Need for action for industrial security - how to close vulnerabilities in ICS
With the widespread introduction of IIoT and Industrie 4.0, the time has come for IT security to review and improve the security of ICS. Industrial security is a topic in itself and requires a completely different approach than in regular IT.
For this reason, the German Federal Office for Information Security (BSI) has also published an ICS Security Compendium. This compendium summarizes the central threat scenarios for the industrial sector. It also contains a collection of best practices on how such systems can be secured and what needs to be taken into account at the planning stage.

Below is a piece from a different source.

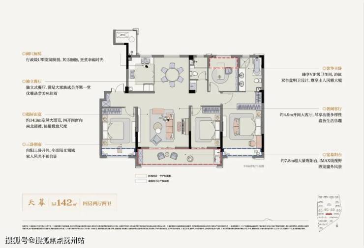 突破极限的142方户型:行政级U型宽阔厨房,其乐融融,烹煮幸福时光;独立式餐厅,满足大家族成员齐聚一堂,优雅品尝美味佳肴;约14.9m宽屏大面宽,四开间南向南北通透,独揽极致尺度;向阳三卧开间,全面阳光领域,家人风光不彰自显;臻享VIP级卫生间,浴缸、双台盆明卫设计,尊享主人风雅大境;约4.9m开间大客厅,尽享功能多样性,盛放生活乐趣;约7.8m超大景观阳台,IMAX级视野,纵览窗外风景。

First of all, it is necessary to centralize the management of digital security. This means that the company's own IT security department will also be responsible for industrial security in the future. Traditionally, PLCs and similar systems are not part of IT security. In this way, uniform standards can be established. Identity and access management policies make it possible to control access to PLC systems at network level. Another way to secure ICS is to set up different network zones. IT Security then bundles IoT and IC systems in these protected areas. Basic authorizations then apply in this network. Using an overview list, IT Security creates a topography of all ICS in the enterprise area. In this way, it is possible to capture all ICS and map them into these protected network zones. Network access controls with separate authentication allow access to be logged. In addition, group guidelines, policies and risk profiles are useful for these industrial control systems.
Protection against physical access is also necessary. Endpoint security is the keyword here. In addition to IoT devices and the ICS infrastructure, this also applies to switches, routers and, above all, wireless networks. Unused ports must be disabled, which prevents temporary connections with a portable device such as a laptop. The optimal solution is to completely isolate the ICS networks from the wireless networks so that only wired connections transmit this data. In this way, unnoticed access via the network structures can be effectively prevented.

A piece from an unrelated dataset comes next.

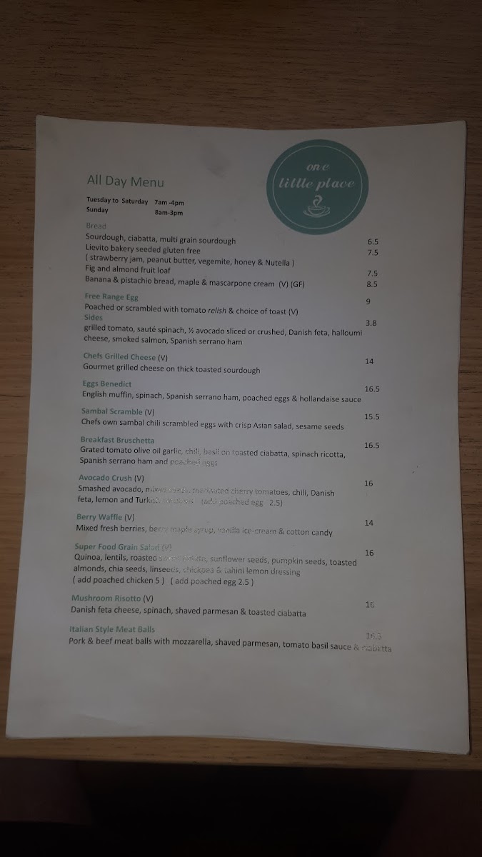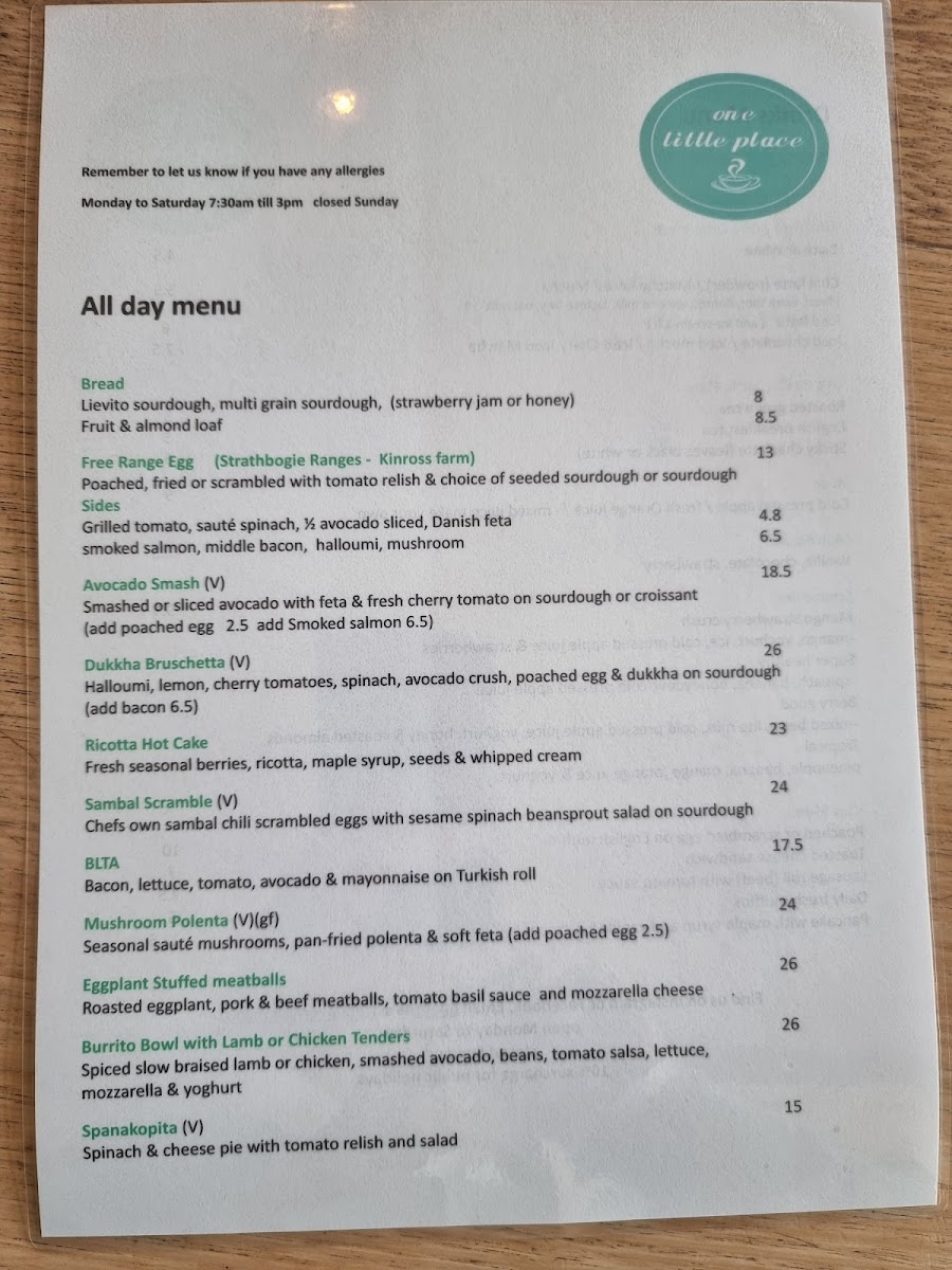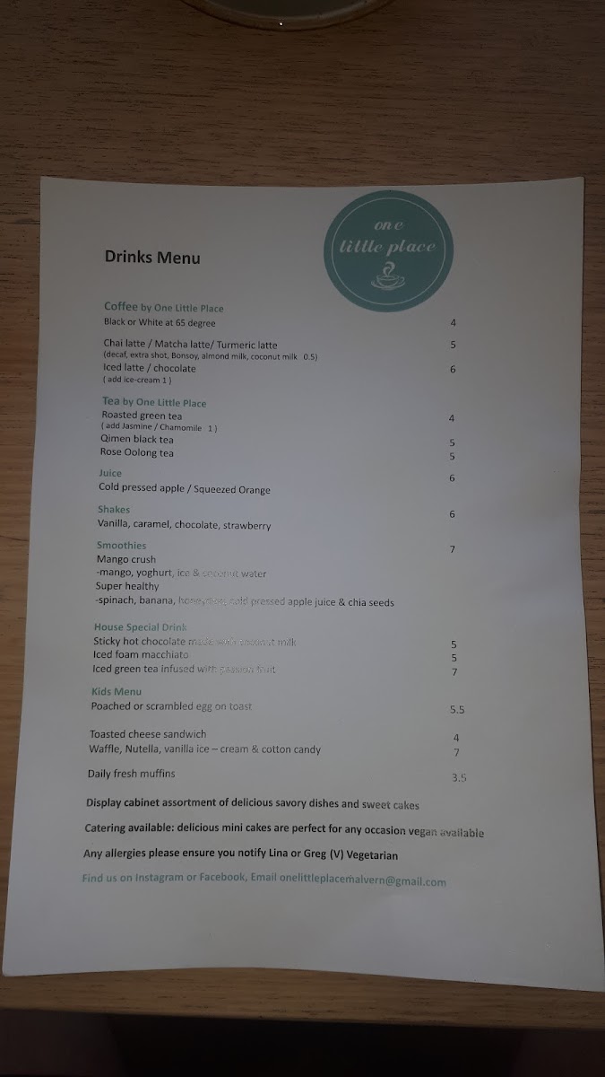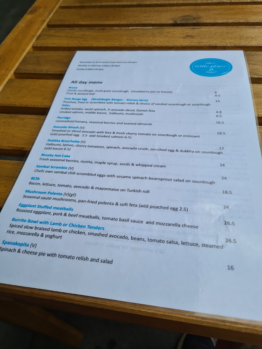 One Little Place Menu

Industrial security is a highly relevant topic area within IT security, for which, however, there is still an acute need to catch up in many companies. Practical examples show the devastating effects of targeted attacks on ICS vulnerabilities. This threatens not only the industrial sector, but also critical infrastructures such as the energy sector or water supply. The IT security of these institutions has the task of identifying threatened systems as quickly as possible and implementing individual solutions that guarantee industrial security in the ICS sector. Otherwise, there is a threat of attacks on critical infrastructures with far-reaching consequences for the entire population, as was recently observed in the USA with the cyberattack on the Colonial Pipeline.